Vergleichsweise nicht ganz so stark war das Frauenrennen am Main. Agnes Kiprop gewann und machte somit den ersten kenianischen Doppelsieg seit dem Jahr 2000 perfekt. Vor neun Jahren war Esther Barmasai die letzte Kenianerin, die in Frankfurt gewann. Agnes Kiprop lief nach 2:26:57 Stunden ins Ziel in der Frankfurter Festhalle.

Aufgrund der hochklassigsten Männerergebnisse in der Geschichte des Rennens hat der Frankfurt-Marathon auch in einer anderen Statistik einen großen Sprung gemacht: In der Liste der schnellsten City-Marathonrennen der Welt liegt Frankfurt nun bereits auf Rang elf und hat unter anderem New York hinter sich gelassen. Hierbei zählt der Durchschnitt der schnellsten zehn Männerzeiten, die je bei einem Rennen erzielt wurden. Für Frankfurt beträgt dieser Wert nun 2:07:49,6 Stunden.

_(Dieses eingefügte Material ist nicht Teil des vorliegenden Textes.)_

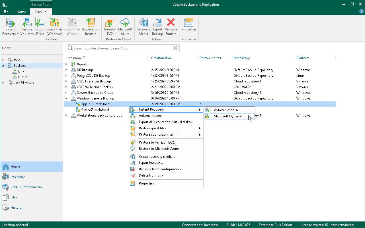 Veeam Backup & Replicationコンソールを使用して、ご使用の仮想化環境においてVeeam AgentコンピューターをHyper-V VMとしてリストアできます。Hyper-V VMへのインスタントリカバリでは、Veeam Backup Repository上で作成した、Microsoft Windowsマシンのバックアップを使用できます。Linuxマシンのバックアップや、Veeam Cloud Connectリポジトリ上で作成したバックアップは、この操作には使用できません。
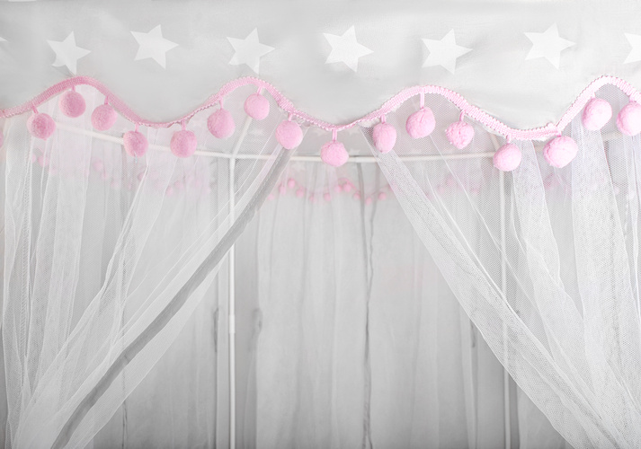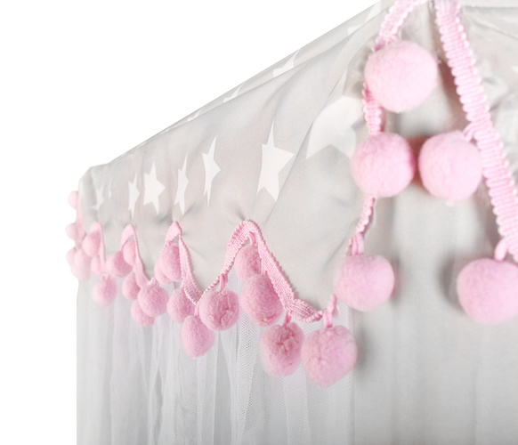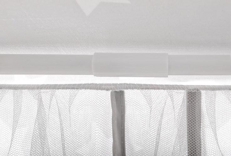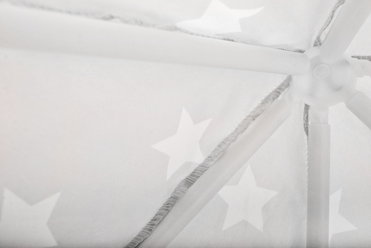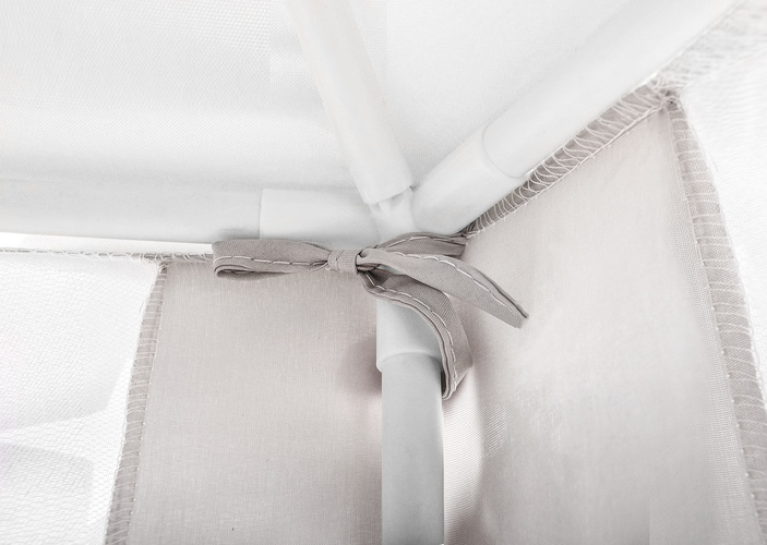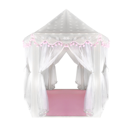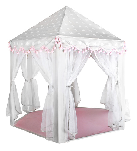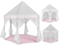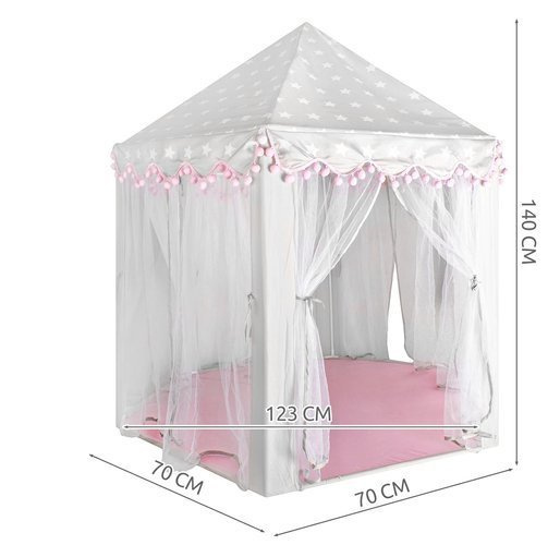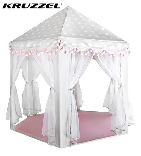 Materiálový zip je rozhodně nenahraditelným společníkem při dětských dovádění. Má šestihrannou základnu, 6 vstupních otvorů a kónické hledí. Vchody jsou zakryté průsvitnými bílými závěsy, které dokonale splývají se zbytkem stanu . Gardinky lze zavázat nebo přehodit různými způsoby s ozdobnými stuhami Řešení používané s luky dodává kouzlo a zpestřuje zábavu.

Mit einer Zwischenzeit von 63:35 Minuten hatte die 14-köpfige Spitzengruppe die Halbmarathonmarke erreicht. Das war etwas langsamer als ursprünglich geplant. Doch bald darauf war es der Titelverteidiger Cheruiyot, der die Initiative ergriff. Jetzt wurde das Rennen deutlich schneller. Zunächst versuchte Elias Kemboi dem Vorjahressieger zu folgen, doch das gelang ihm nur kurzzeitig. Dann aber schaffte es Gilbert Kirwa den Ausreißer wieder einzufangen. Kurz nach der 30-km-Marke waren beide gleichauf, bei 38 km konnte sich Gilbert Kirwa im zweiten Marathon seiner Karriere entscheidend lösen. „Ich bin jetzt zweimal Marathon gelaufen und habe zweimal gewonnen – ich bin wirklich glücklich“, erklärte Gilbert Kirwa, der im April sein Debüt in Wien in 2:08:21 gewonnen hatte. Der 23-jährige Kenianer verbesserte den Streckenrekord von Robert K. Cheruiyot um 67 Sekunden und verdiente sich dafür eine Rekordprämie von 95.000 Euro.

Günther Weidlinger bricht den österreichischen Uralt-Marathonrekord.

Bild: Norbert Wilhelmi

Eine ebenso starke und überraschende Leistung schaffte Günther Weidlinger. Der Österreicher verbesserte sich in seinem zweiten Marathon auf 2:10:47 Stunden und wurde Zehnter. Damit brach er den 23 Jahre alten Landesrekord von Gerhard Hartmann (2:12:22). „Ich bin schneller gelaufen als geplant und bin froh, dass es geklappt hat“, sagte Günther Weidlinger, der bei seinem Debüt in Wien 2:12:39 Stunden gelaufen war. Der 31-Jährige steht nunmehr auf Position sieben der europäischen Jahresbestenliste. „Ich möchte mich bedanken bei den Organisatoren und den Zuschauern, denn ich wurde hier behandelt wie ein Frankfurter“, sagte Günther Weidlinger.

Auch bei den Frauen dominierte Kenia das Geschehen. Agnes Kiprop erreichte das Ziel nach 2:26:57 Stunden vor ihrer Landsfrau Hellen Kimutai (2:27:50). Dritte wurde Karolina Jarzynska (Polen) mit 2:29:10. Die 29-Jährige Kiprop erhält für ihren Sieg 15.000 Euro. Kurz vor der 30-km-Marke hatte sie sich abgesetzt von der Konkurrenz. „Aber erst bei Kilometer 41 wusste ich, dass ich gewinnen würde, denn ich hatte Probleme mit der Oberschenkelmuskulatur“, sagte die 29-jährige Siegerin, die daher keine schnellere Zeit erreichte.

Zehnte wurde bei ihrem Abschiedsrennen Luminita Zaituc (LG Braunschweig) in 2:35:06 Stunden. Nach einem flotten Beginn hatte sie zwischen Kilometer 25 und 35 eine schwere Phase, doch die 41-Jährige kämpfte sich zurück ins Rennen. „Es war ein tolles Erlebnis heute und ich bin ein bisschen wehmütig. Vielleicht bin ich 2010 noch einmal als Hobbyläuferin dabei“, erklärte Luminita Zaituc.